Haha! That's funny! I actually recently noticed after many years that our 89 Nissan Maxima has side lights that illuminate when the turn signal is turned on to light up the turn. It's a neat system and does light the turn up! Why don't new cars have this stuff. Also has automatic seatbelts. Haha. Lots of fun watching people reactions when they close the door. 

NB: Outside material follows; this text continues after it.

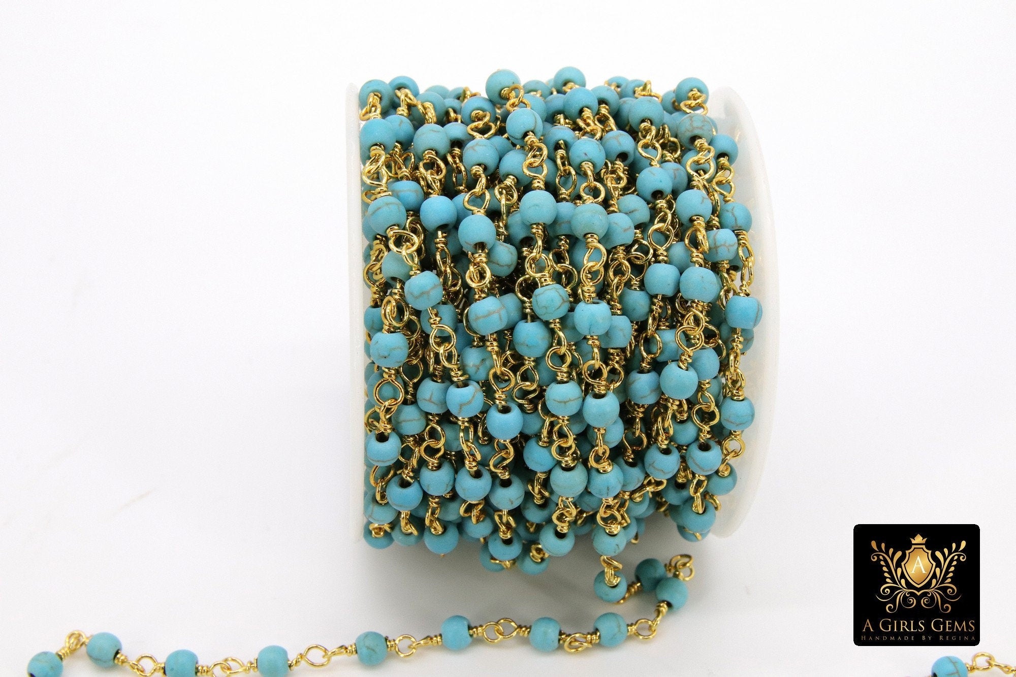 Turquoise Rosary Beaded Chain, 4 mm Wire Wrapped Silver plated Blue Howlite Chain for Necklace Bracelets

Edit: ah, helps to read through the thread. You already mentioned this with caddys, my bad. Oh well. Adding another example, right? Haha 

Sent from AutoGuide.com Free App


----------



## jblackburn (Apr 14, 2012)

au201 said:


> Haha! That's funny! I actually recently noticed after many years that our 89 Nissan Maxima has side lights that illuminate when the turn signal is turned on to light up the turn. It's a neat system and does light the turn up! Why don't new cars have this stuff. Also has automatic seatbelts. Haha. Lots of fun watching people reactions when they close the door.
> 
> 
> Sent from AutoGuide.com Free App


Ugh I remember those things. My friends 91 Integra tried to strangle passengers if they shut the door before moving the seat back.


----------



## spacedout (Dec 7, 2010)

au201 said:


> I actually recently noticed after many years that our 89 Nissan Maxima has side lights that illuminate when the turn signal is turned on to light up the turn. It's a neat system and does light the turn up! Why don't new cars have this stuff.


Older Cadillac cars all had these, wish they would bring it back. I drive a ton of dark back roads at night, those lights were great!


----------



## jblackburn (Apr 14, 2012)

spacedout said:


> Older Cadillac cars all had these, wish they would bring it back. I drive a ton of dark back roads at night, those lights were great!


Actually, come to think of it, so did my Saab.









Bottom part would light up when the car was put into reverse or turn signal on.


----------



## ChevyGuy (Dec 13, 2014)

spacedout said:


> Older Cadillac cars all had these,


Yup. My brother's '68 has it.


----------



## Edenwolf (Dec 10, 2014)

chris10 said:


> Edenwolf said:
> 
> 
> > I'm going with a white LED bulb on the original lense to keep the reflective safety aspect and for the yellow glow. Do I need a resistor for LED side markers?
> ...


Hmm I always thought it was a blinker too.


----------